[Opening INFORMATION SHOWN section]

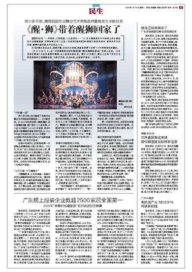 1月10日至11日,由广州歌舞剧院创排的舞剧《醒·狮》在醒狮起源地广东佛山巡演。18名男演员舞起9头威风凛凛的醒狮,站上鼓面向前迈进。霎时,灯光熄灭,舞台上出现了用竹片龙骨架搭建的巨型醒狮造型,它睁开双眼,目光如炬,全场掌声雷动、一片惊呼。
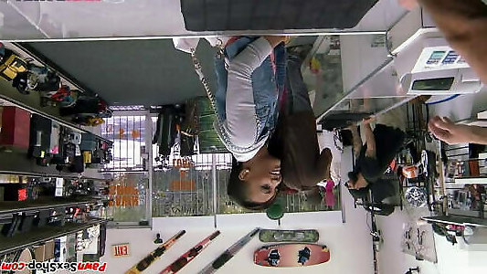 Dark-hued pawnshop stunner fellating pov pipe before leaned over desk
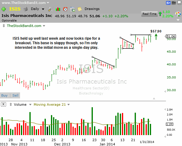 ISIS is facing short-term resistance here and looks good for a quick breakout play. Because this base is still loose, I’m only going for a single-day play here but I like it long above $57.90 for Monday.
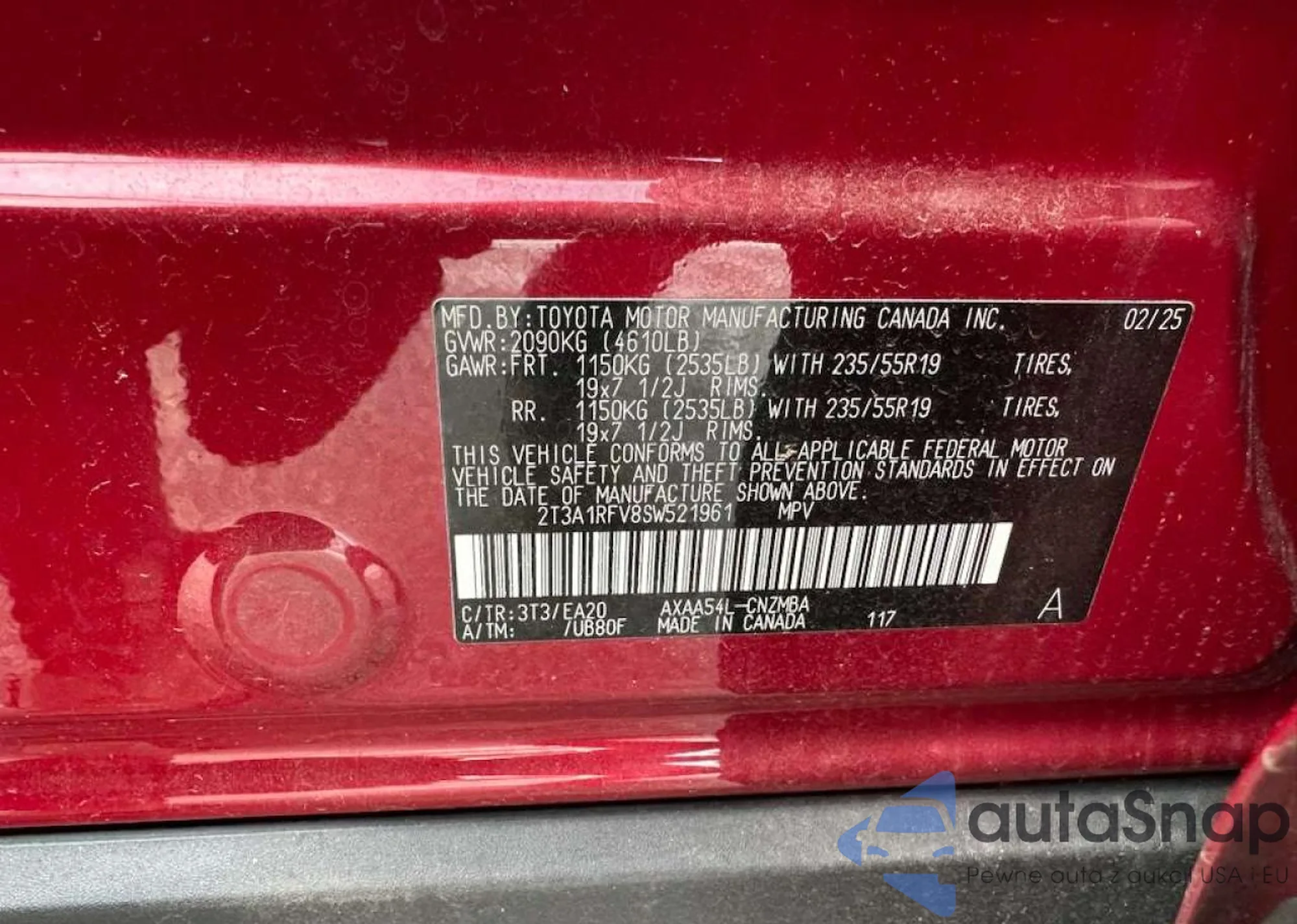 VIN: 2T3A1RFV8SW521961
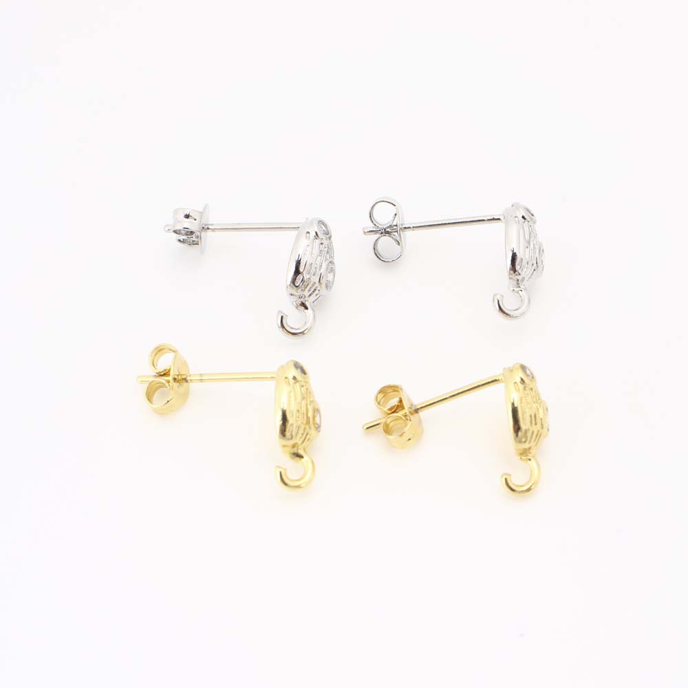 Boucles d'oreilles en laiton zircon cubique pavent, Plaqué de couleur d'or rose, pavé de micro zircon Vendu par paire
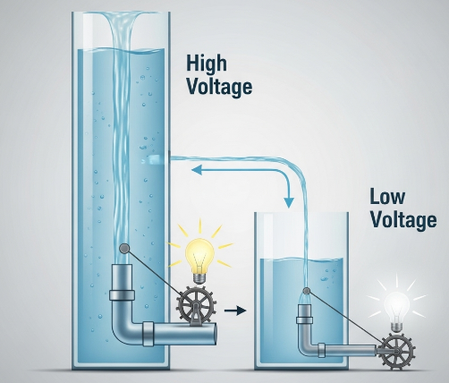 • ๋†’์€ ๋ฌผํ†ต: ๋ฌผํ†ต์ด ๋†’์„์ˆ˜๋ก ๋ฌผ์ด ์•„๋ž˜๋กœ ๋–จ์–ด์ง€๋Š” ํž˜์ด ๊ฐ•ํ•ด์ง€๊ฒ ์ฃ ? ๋†’์€ ์ „์••์€ ๊ทธ๋งŒํผ ์ „๊ธฐ๋ฅผ ๊ฐ•ํ•˜๊ฒŒ ๋ฐ€์–ด์ฃผ๋Š” ํž˜์ด ์„ธ๋‹ค๋Š” ๋œป์ด์—์š”.
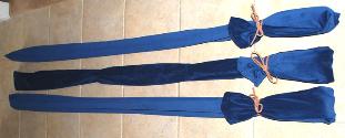 | Worm, ram & sponge rod with extra sponge socks for a customer. Made of all oak wood for a 2-1/4" bore gun. Both implements are 44-1/2" long. |
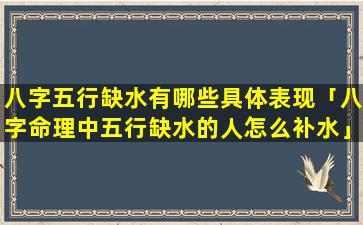 根据八字命理,五行缺水的人通常表现 🐯 为性情急躁、冲、动,缺、乏、耐性和持久力容易出现泌尿系统肾脏膀胱等方面的健康问题为。了,平。衡五行缺水者需要进行补水
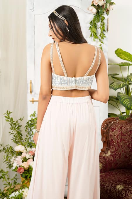 Rose pink corset style blouse with sequin and cutdana embroidery. Comes with flared pants and sheer jacket.
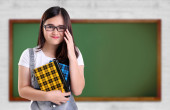 Azjatyckie panienki z prośbą o ciszy, na zielonym tle
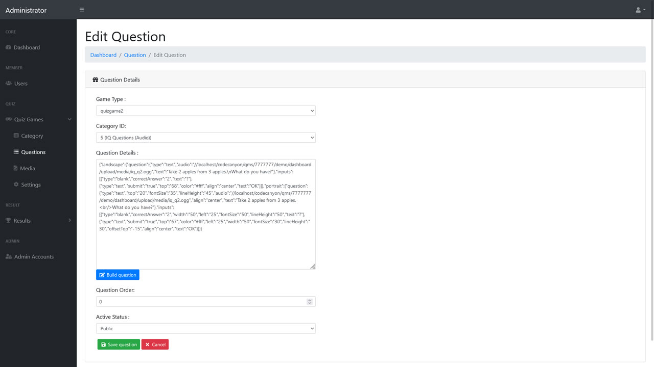 - Build questions layout via admin.

[Closing INFORMATION SHOWN section]

## TASK GOAL:
The expected output is the exact run of lines from the one containing "Rose pink corset" through the final line of the data above, both ends included, with no pictures.

## SOLUTION FOR THIS EXERCISE:
 Rose pink corset style blouse with sequin and cutdana embroidery. Comes with flared pants and sheer jacket.
 Azjatyckie panienki z prośbą o ciszy, na zielonym tle
 - Build questions layout via admin.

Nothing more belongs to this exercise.